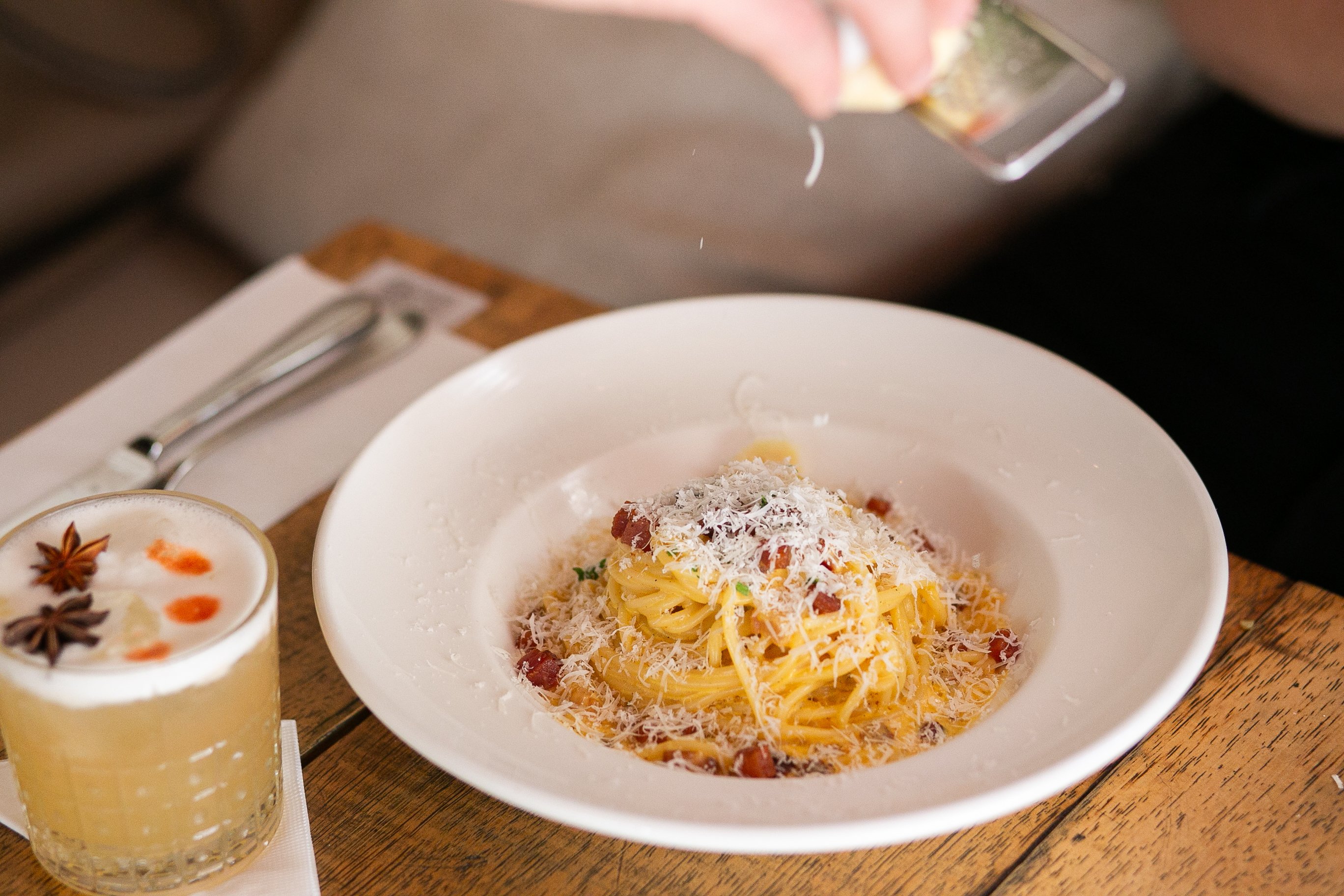 Já o Carbonara di Mare (R$ 215) leva a receita para o litoral ao combinar linguini com lula, camarão e mexilhões tostados, sem abrir mão bash ovo e bash pecorino — e tudo finalizado com ovas de mujol. Para completar, o cook resgata uma memória afetiva com o Carbonara Vintage (R$ 102): feito com spaghetti artesanal, o prato reúne cebola, bacon, ervilha, creme de leite, gema de ovo e queijo parmesão. Os pratos ficam disponíveis de 6 a 11 de abril e é recomendado fazer reserva.
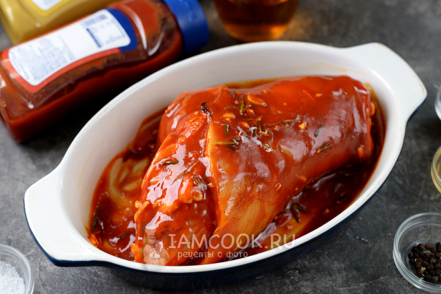 Дальше положите не слишком острую горчицу, томатный соус любимого производителя и мед.
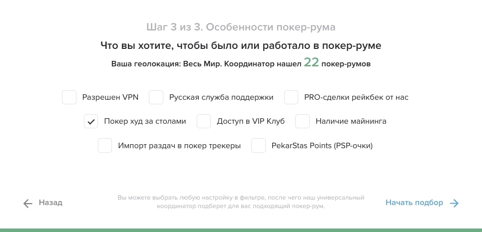 Кликнув по синей кнопке «Начать подборку покер-румов» вы перейдете в специальный инструмент подборки покер-румов. Там вам на выбор будут предложены критерии, которые, на ваш взгляд, являются главенствующими при выборе комнаты, и на основании выбранных критериев инструмент выдаст подходящие этим критериям покер-румы. Вот как это все выглядит:
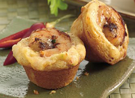 Bake at 400°F. for 10 to 15 minutes or until crust is golden brown. Cool 5 minutes. Remove from muffin cups. Serve warm.
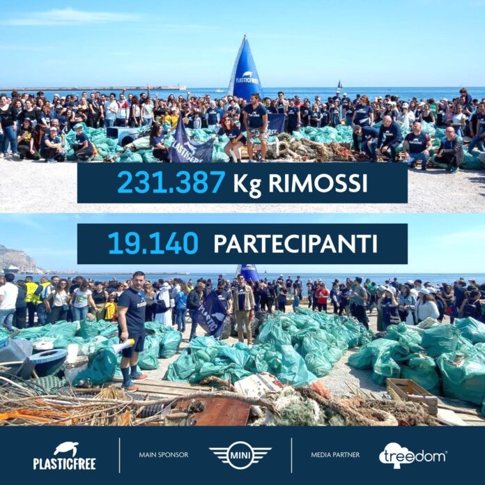 La Campania liberata da 21.856 chilogrammi di plastica e rifiuti dispersi nell’ambiente in un solo weekend. È l’eccezionale risultato raggiunto da Plastic Free Onlus, l’organizzazione di volontariato impegnata dal 2019 nel contrastare l’inquinamento da plastica, nei 66 appuntamenti di pulizia ambientale tenutisi in contemporanea sabato e domenica per celebrare la “Giornata Mondiale della Terra”.
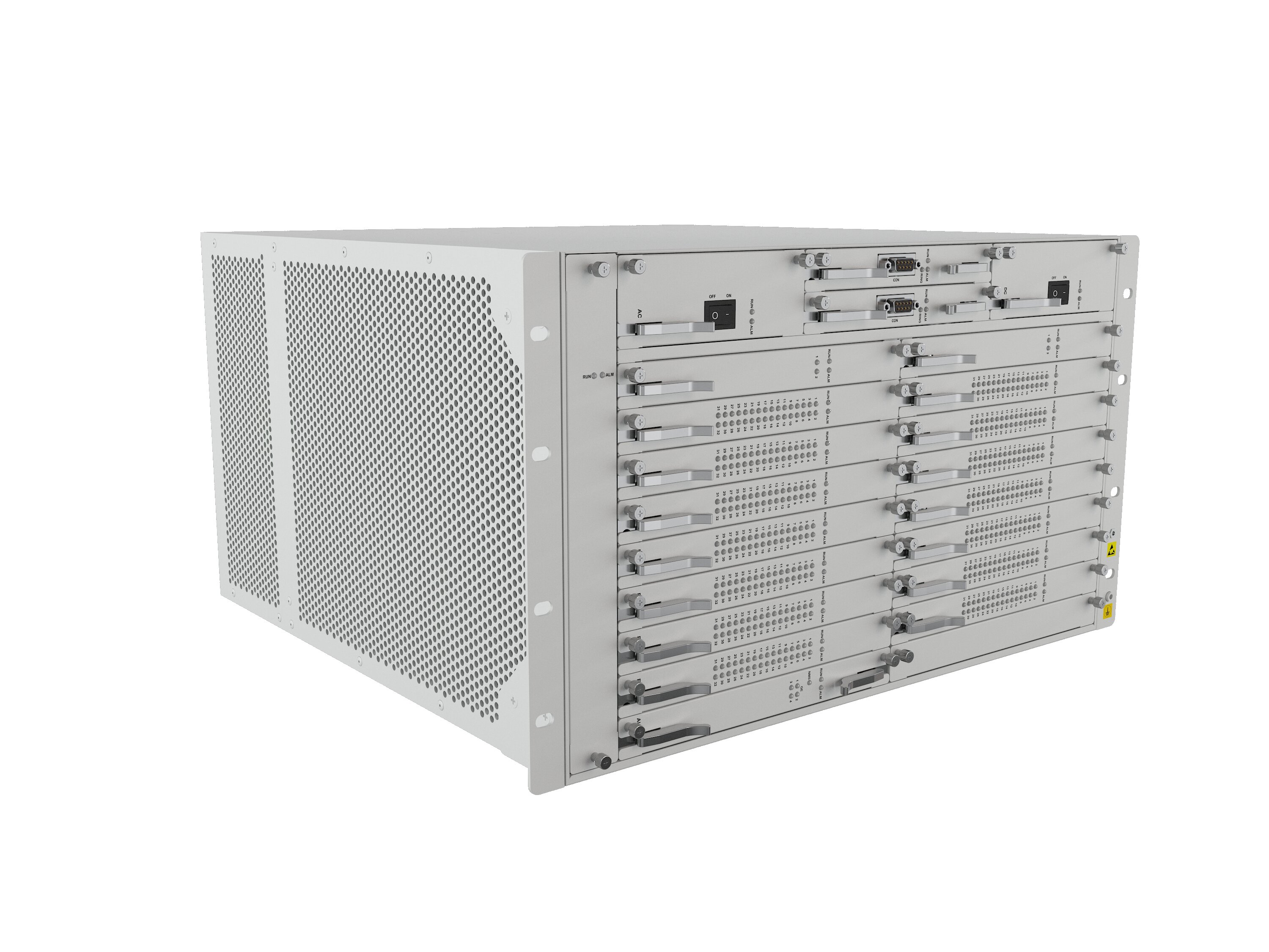 单台设备最大支持两个电源,两个主控,224路E1,4路 2.5G光口,支持断电直通功能
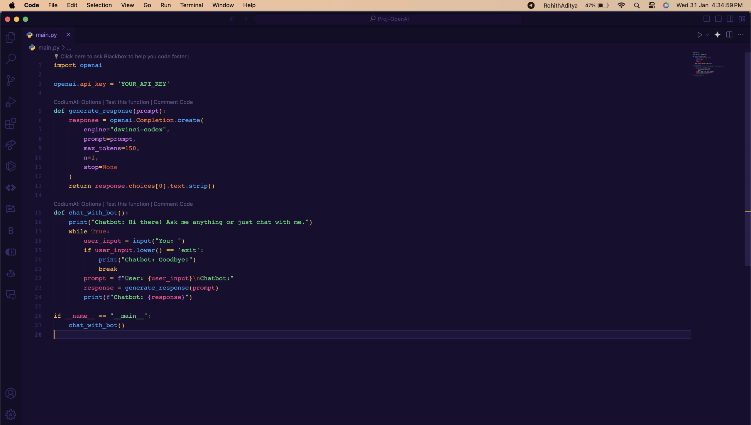 Once we are done with this, it’s time to collect user input as a prompt and conclude with output. To achieve this, we will declare another function called ‘chat_with_bot()’ and work with a while loop to make the condition work in a loop, once the result is shared with the user. To do that, we declare a loop with the syntax of ‘while True:’ and inside the ‘chat_with_bot()’ function is a Python function that implements a simple chatbot. It takes user input, generates a response using the OpenAI Codex API, and prints the response to the console. The chatbot continues to interact with the user until the user enters ‘exit’.
::::
§ **Brief**
Make an exact reproduction of the listing above, without any pictures.

§ **Solution for this exercise**
 Já o Carbonara di Mare (R$ 215) leva a receita para o litoral ao combinar linguini com lula, camarão e mexilhões tostados, sem abrir mão bash ovo e bash pecorino — e tudo finalizado com ovas de mujol. Para completar, o cook resgata uma memória afetiva com o Carbonara Vintage (R$ 102): feito com spaghetti artesanal, o prato reúne cebola, bacon, ervilha, creme de leite, gema de ovo e queijo parmesão. Os pratos ficam disponíveis de 6 a 11 de abril e é recomendado fazer reserva.
 Дальше положите не слишком острую горчицу, томатный соус любимого производителя и мед.
 Кликнув по синей кнопке «Начать подборку покер-румов» вы перейдете в специальный инструмент подборки покер-румов. Там вам на выбор будут предложены критерии, которые, на ваш взгляд, являются главенствующими при выборе комнаты, и на основании выбранных критериев инструмент выдаст подходящие этим критериям покер-румы. Вот как это все выглядит:
 Bake at 400°F. for 10 to 15 minutes or until crust is golden brown. Cool 5 minutes. Remove from muffin cups. Serve warm.
 La Campania liberata da 21.856 chilogrammi di plastica e rifiuti dispersi nell’ambiente in un solo weekend. È l’eccezionale risultato raggiunto da Plastic Free Onlus, l’organizzazione di volontariato impegnata dal 2019 nel contrastare l’inquinamento da plastica, nei 66 appuntamenti di pulizia ambientale tenutisi in contemporanea sabato e domenica per celebrare la “Giornata Mondiale della Terra”.
 单台设备最大支持两个电源,两个主控,224路E1,4路 2.5G光口,支持断电直通功能
 Once we are done with this, it’s time to collect user input as a prompt and conclude with output. To achieve this, we will declare another function called ‘chat_with_bot()’ and work with a while loop to make the condition work in a loop, once the result is shared with the user. To do that, we declare a loop with the syntax of ‘while True:’ and inside the ‘chat_with_bot()’ function is a Python function that implements a simple chatbot. It takes user input, generates a response using the OpenAI Codex API, and prints the response to the console. The chatbot continues to interact with the user until the user enters ‘exit’.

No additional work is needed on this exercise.